This project explores how eye tracking could utilise hands-free video control on YouTube Mobile as a practical input method for everyday use.
Problem
People often use YouTube while multitasking in everyday situations, such as cooking, cleaning, or working with their hands.

Pain Point
In hands-busy situations such as cooking, touch-based video controls interrupt task flow and make simple actions unnecessarily difficult.
Design Gap
Existing interaction methods rely heavily on touch or voice input. These approaches do not reliably support hands-free control in noisy or hands-busy environments.
Research Approach
I explored eye-tracking through a combination of assistive technology case studies, gaming industry applications, and accessibility-focused interaction patterns. The goal was to understand where eye tracking is already reliable, what constraints exist, and how users adapt to non-traditional inputs.


Purpose & Applications
Enables hands-free interaction and precise measurement of eye movements across activities
Used in mental health assessment, learning, neuroarchitecture, and gaming

VR & Social Media
Supports foveated rendering in VR for performance and immersion
Used in social media for gaze-based filters and engagement tracking

Limitations
High hardware cost
Calibration required
Variability across users
Occasional unintentional responses

Future Potential
Enhance accessibility
Support social communication
Enable hands-free interaction in smartphones

Mobile & Accessibility
Combine with voice control and screen overlays for better interaction experience
Potential for integration into everyday apps
Research Inspiration
I looked into industries where eye tracking technology has already proven its professionalism and reliability.

In Healthcare

In Gaming
Design Opportunity
If eye tracking can handle high-performance and accessibility-critical tasks, it could also simplify everyday video interactions.
How might we leverage eye tracking to give users intuitive, hands-free control over videos?

Solutions
I designed an eye tracking mode for YouTube Mobile that works even in noisy environments where voice control might fail.
A Short Calibration Flow
To reduce accidental input observed in eye-tracking systems, I started with a short calibration flow that helps the system adapt to individual eye movement patterns.
Gaze-Based Navigation & Timed Blinking Selection
A red outline is revealed when the user looks toward designated areas of the screen. The user can move the focus between controls by looking, and visual highlighting immediately reflects the current target. This approach allows users to explore available actions without committing to a selection.

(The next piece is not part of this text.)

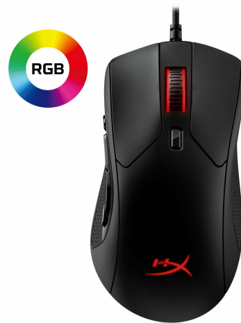
Split-button design for extra responsiveness

When confirming, select by double eye blinking will reduce unintentional actions, if user lays eyes on a button area for more than just scanning, a progress bar will shows up and respond to action without double blinking required. This, a timed blinking selection would help balance speed with accuracy while keeping interaction lightweight.

Selectable Volume Control
Instead of relying on the phone’s side buttons to adjust the volume, I added volume controls inside the playback settings. The interaction model follows familiar patterns like YouTube’s playback speed control. This design maintains a hands-free interaction experience while preserving brand consistency.
Challenges
Eye-tracking mode Layout
The challenge was balancing fast content discovery with accessibility and consistency, without relying solely on gesture-based navigation.
Key decisions
Reduce search and typing
→ Enlarge the main viewing area
→ Two-column grid for video categories
→ Prioritize genres based on user viewing preferencesImprove discoverability beyond swipe gestures
→ Add visible buttons to expand categories
→ Add arrow overlay for scrolling to support eye tracking and accessibility
Layout Iteration

Takeaways
This project reinforced the importance of grounding interaction concepts in proven technologies and real constraints. If continued, I would validate timing thresholds and blink interactions with users who rely on assistive input daily.